■ Work order: Would you please repeat, word for word, only the lines from the one holding "This cute photo" through the one holding "2.6. SMP30 Expression" in the material below, without the pictures?

■ Materials provided:

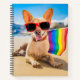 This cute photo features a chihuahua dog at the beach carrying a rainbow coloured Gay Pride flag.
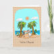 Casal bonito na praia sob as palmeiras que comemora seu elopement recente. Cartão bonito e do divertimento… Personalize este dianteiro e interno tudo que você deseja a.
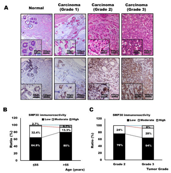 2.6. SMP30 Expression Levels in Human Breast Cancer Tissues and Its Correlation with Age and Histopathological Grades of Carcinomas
* * *
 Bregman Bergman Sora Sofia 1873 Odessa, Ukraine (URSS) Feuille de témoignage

■ Exercise answer:
 This cute photo features a chihuahua dog at the beach carrying a rainbow coloured Gay Pride flag.
 Casal bonito na praia sob as palmeiras que comemora seu elopement recente. Cartão bonito e do divertimento… Personalize este dianteiro e interno tudo que você deseja a.
 2.6. SMP30 Expression Levels in Human Breast Cancer Tissues and Its Correlation with Age and Histopathological Grades of Carcinomas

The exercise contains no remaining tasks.